Mon, 26 Nov 2007 10:35:40 +0000
tech android article

For some reason over the past two weeks I've had friends and colleagues coming up to me and asking What is android? This is a, hopefully short, post to try and answer that question. In an effort to keep this post short, I'm making statements without necessarily backing them up with argument. If anyone disagrees with my analysis, please email me, and I can address any of the points. Of course people should probably first read the official What is android? page.

The simple five words answer is: Android is an operating system. Of course, while factually true, this doesn't explain much. The next important point is that it is a component based operating system. This means that rather than writing programs as such, extra functionality is added in the form of components. The next interesting point is that it includes an integrated Java virtual machine, and that the system interfaces are only exposed through Java libraries. The final, and in my opinion least important, point is that the operating system is based on the Linux kernel. While the OS is based on the Linux kernel, it is not a GNU/Linux-like OS; the system libraries, system initialisation and programmer interface are distinctly different from a standard Linux operating system.

As part of the announcement of this new operating system, Google has also released the Android software development kit (SDK). The SDK is designed to allow developers to write and test software to run on top of the operating system. The SDK is not designed to allow third parties to extend the OS itself, or port it to new devices. (Although some people have been able to use it to achieve this, it is very much not designed for this.) The SDK includes the usual things; tools for building Android packages (components), sample files, templates for new projects, documentation, and a system simulator. The SDK only provide facilities for writing components in Java, and relies on the programmer to have a JDK already installed.

An open system

The system has been promoted as an open system. I would really like to point out that open is a lot different from open source. I'm sure there will be discussion as to what one means vs. the other, but from my point of view it is an open system from the point of view that it is open for programmers to develop new applications for the platform. The operating system has been built using a number of different open source components, and Google has complied with the licenses under which is has obtained the code by acknowledging the authors (in the cases where code is released under BSD), and by releasing code when required to under a reciprocal license (e.g: GPL). Google has pledged to release the code under an Apache license, but this isn't expected to happen until late 2008 - until then it is an open, but closed source operating system.

What Android isn't

Here are some other perspectives of what Android is, and why I disagree with that point-of-view.

A Java API for phones: This is certainly part of the picture, but I don't think this by itself correctly represents what Android is, as there is a lot more to it than just that.

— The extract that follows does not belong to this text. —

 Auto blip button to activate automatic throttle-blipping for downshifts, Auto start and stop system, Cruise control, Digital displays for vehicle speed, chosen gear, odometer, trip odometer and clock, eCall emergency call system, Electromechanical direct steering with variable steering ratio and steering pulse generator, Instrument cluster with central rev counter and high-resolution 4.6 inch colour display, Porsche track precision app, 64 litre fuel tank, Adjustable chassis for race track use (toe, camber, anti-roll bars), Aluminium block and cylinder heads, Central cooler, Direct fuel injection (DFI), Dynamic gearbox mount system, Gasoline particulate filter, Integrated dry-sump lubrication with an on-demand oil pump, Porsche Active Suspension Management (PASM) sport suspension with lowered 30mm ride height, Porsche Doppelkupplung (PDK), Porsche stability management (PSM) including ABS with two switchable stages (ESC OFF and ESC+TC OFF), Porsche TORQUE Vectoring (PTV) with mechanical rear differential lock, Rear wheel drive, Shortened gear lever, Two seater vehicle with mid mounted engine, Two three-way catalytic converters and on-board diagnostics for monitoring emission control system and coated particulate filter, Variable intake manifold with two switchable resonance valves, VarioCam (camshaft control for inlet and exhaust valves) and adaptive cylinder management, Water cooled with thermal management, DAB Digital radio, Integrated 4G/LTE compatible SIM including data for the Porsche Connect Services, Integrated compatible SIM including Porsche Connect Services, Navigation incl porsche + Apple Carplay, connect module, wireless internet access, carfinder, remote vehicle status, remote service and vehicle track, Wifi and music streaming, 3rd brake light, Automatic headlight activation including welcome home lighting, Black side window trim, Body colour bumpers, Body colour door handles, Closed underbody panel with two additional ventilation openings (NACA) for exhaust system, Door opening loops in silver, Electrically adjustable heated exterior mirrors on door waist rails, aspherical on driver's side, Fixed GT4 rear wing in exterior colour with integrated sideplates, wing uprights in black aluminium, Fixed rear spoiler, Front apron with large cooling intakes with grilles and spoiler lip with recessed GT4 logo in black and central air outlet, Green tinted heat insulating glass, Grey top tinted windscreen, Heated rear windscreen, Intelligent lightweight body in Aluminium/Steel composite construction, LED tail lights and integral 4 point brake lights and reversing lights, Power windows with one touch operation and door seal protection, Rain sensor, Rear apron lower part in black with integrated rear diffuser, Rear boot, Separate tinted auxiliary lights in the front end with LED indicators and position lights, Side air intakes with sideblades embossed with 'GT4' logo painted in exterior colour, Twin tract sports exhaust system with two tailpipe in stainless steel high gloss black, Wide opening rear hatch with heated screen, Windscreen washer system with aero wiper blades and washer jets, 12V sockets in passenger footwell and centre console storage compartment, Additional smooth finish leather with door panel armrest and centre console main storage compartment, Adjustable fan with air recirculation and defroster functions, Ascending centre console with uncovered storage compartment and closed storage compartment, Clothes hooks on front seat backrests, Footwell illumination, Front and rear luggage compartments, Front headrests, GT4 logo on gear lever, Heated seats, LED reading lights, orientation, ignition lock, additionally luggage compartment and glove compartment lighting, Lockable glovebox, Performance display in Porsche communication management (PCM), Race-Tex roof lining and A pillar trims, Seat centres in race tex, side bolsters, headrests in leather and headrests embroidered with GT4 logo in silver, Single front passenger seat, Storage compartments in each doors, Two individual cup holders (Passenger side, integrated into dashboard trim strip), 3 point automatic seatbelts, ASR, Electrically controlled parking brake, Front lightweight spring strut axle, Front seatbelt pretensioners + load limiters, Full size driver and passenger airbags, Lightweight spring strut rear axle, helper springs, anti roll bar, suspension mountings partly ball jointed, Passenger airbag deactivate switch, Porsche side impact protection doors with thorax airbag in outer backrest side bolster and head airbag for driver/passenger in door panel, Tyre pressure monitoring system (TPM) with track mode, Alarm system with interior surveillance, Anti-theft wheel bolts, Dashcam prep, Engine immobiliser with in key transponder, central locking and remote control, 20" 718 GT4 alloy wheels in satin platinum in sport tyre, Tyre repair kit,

An application framework for Linux: This is a description I have a bit of sympathy for, and one which ultimately comes down to a mostly philosophical discussion of what is an operating system. While it is definitely a framework for developing applications, and it is running on the Linux kernel, I think there is more to an operating system than just the kernel, it has to include all the system libraries, system initialisation, and system interfaces. From all these point of views, Android differs from a standard Linux based operating system. I definitely have a new appreciation for Stallman's quest to refer to standard Linux based operating systems as GNU/Linux. I think this really helps distinguishes between Linux the kernel, and GNU/Linux the operating system, and I'm certainly going to start using this terminology, for simple practical reasons, rather than any ideological reasons.

Hopefully this has given you a good insight to what Android is and also what Android isn't.